Give again, word for word, every line in the entries below from the line with "The first stop" up to and including the line with "También se descolgaron", and no other line.

▸ **DATA SHOWN**
= = = = =
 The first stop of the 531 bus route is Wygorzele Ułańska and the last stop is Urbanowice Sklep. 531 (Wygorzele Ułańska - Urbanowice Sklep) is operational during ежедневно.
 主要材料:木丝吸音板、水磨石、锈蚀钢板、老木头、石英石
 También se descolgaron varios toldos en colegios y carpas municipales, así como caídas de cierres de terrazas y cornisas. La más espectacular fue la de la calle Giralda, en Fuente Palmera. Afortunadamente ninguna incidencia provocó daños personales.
= = = = =
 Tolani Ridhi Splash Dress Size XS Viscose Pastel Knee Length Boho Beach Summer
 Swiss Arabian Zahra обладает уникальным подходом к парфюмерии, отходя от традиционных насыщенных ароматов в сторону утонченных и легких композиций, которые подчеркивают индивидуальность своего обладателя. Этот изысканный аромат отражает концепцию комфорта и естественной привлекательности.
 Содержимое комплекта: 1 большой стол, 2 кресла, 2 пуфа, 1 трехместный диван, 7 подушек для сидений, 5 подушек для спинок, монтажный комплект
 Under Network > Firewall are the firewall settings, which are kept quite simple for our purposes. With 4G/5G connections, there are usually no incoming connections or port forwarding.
= = = = =
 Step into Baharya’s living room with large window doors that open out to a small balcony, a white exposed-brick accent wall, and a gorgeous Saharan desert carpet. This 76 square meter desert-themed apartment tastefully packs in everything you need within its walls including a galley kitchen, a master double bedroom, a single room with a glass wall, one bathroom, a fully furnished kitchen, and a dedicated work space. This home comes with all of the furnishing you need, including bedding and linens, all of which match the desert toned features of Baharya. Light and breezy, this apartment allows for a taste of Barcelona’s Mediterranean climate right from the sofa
= = = = =
▸ **RESULT OF THE EXERCISE**
 The first stop of the 531 bus route is Wygorzele Ułańska and the last stop is Urbanowice Sklep. 531 (Wygorzele Ułańska - Urbanowice Sklep) is operational during ежедневно.
 主要材料:木丝吸音板、水磨石、锈蚀钢板、老木头、石英石
 También se descolgaron varios toldos en colegios y carpas municipales, así como caídas de cierres de terrazas y cornisas. La más espectacular fue la de la calle Giralda, en Fuente Palmera. Afortunadamente ninguna incidencia provocó daños personales.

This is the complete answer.